____ DATA SECTION
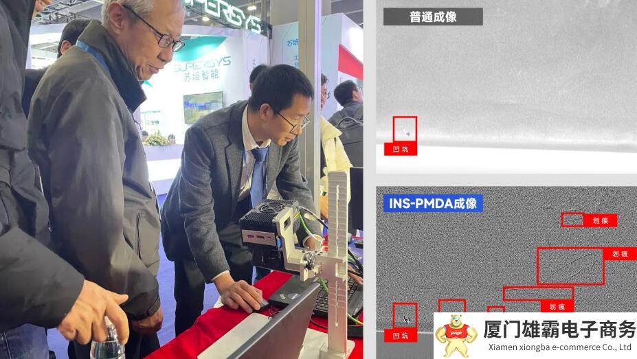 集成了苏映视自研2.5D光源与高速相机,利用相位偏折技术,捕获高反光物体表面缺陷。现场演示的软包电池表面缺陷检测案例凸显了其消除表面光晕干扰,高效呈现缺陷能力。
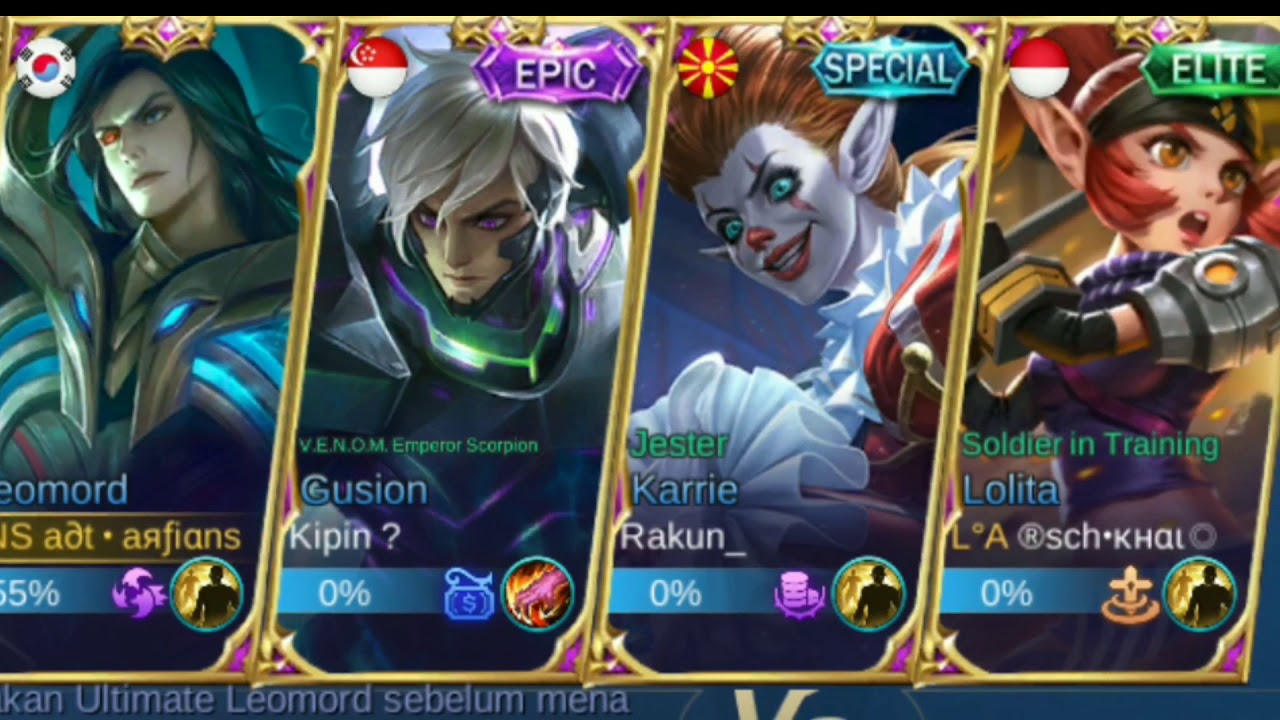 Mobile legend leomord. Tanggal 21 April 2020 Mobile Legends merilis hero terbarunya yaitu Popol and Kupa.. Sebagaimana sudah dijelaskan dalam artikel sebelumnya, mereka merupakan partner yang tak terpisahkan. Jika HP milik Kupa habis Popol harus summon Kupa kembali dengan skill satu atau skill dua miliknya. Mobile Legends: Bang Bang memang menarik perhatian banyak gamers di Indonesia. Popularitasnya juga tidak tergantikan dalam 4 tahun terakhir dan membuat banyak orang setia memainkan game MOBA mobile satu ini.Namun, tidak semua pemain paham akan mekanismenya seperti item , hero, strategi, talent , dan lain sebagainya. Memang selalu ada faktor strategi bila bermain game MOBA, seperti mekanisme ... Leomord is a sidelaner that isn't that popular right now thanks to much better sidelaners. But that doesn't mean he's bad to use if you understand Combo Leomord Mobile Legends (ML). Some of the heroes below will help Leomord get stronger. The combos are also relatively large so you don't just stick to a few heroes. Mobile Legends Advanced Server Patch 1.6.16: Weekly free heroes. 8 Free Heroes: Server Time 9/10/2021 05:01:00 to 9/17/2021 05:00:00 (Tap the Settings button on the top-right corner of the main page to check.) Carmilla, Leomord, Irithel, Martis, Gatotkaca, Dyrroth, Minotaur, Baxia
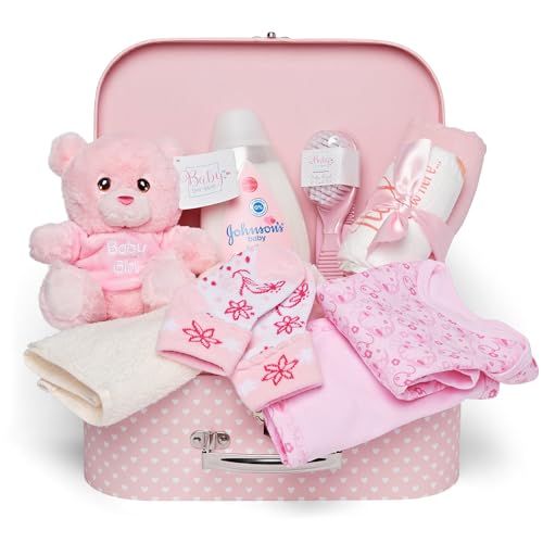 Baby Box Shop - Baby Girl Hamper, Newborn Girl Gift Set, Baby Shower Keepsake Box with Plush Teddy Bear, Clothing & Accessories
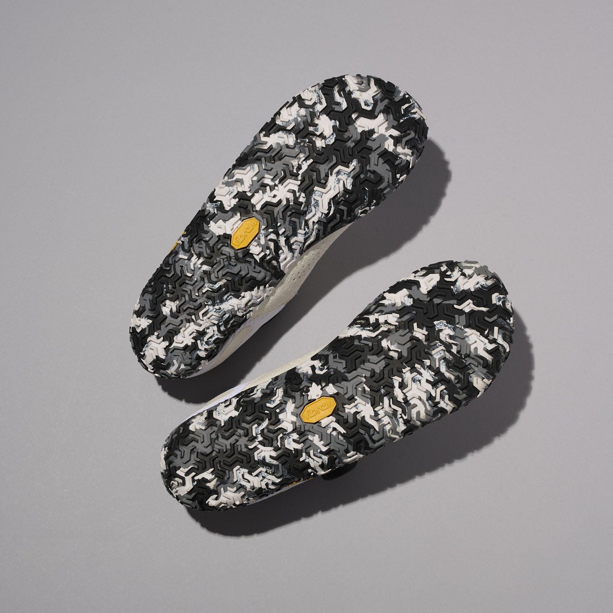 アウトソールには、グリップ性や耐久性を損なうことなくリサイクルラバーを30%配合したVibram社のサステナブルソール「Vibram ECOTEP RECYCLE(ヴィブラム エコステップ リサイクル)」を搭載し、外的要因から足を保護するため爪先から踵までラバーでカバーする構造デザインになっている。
________
=== EXERCISE REQUIREMENTS ===
From the line containing "Baby Box Shop" down to the last line of the data, print every line exactly and nothing else. Pictures stay out of the copy.

=== WRITTEN RESPONSE ===
 Baby Box Shop - Baby Girl Hamper, Newborn Girl Gift Set, Baby Shower Keepsake Box with Plush Teddy Bear, Clothing & Accessories
 アウトソールには、グリップ性や耐久性を損なうことなくリサイクルラバーを30%配合したVibram社のサステナブルソール「Vibram ECOTEP RECYCLE(ヴィブラム エコステップ リサイクル)」を搭載し、外的要因から足を保護するため爪先から踵までラバーでカバーする構造デザインになっている。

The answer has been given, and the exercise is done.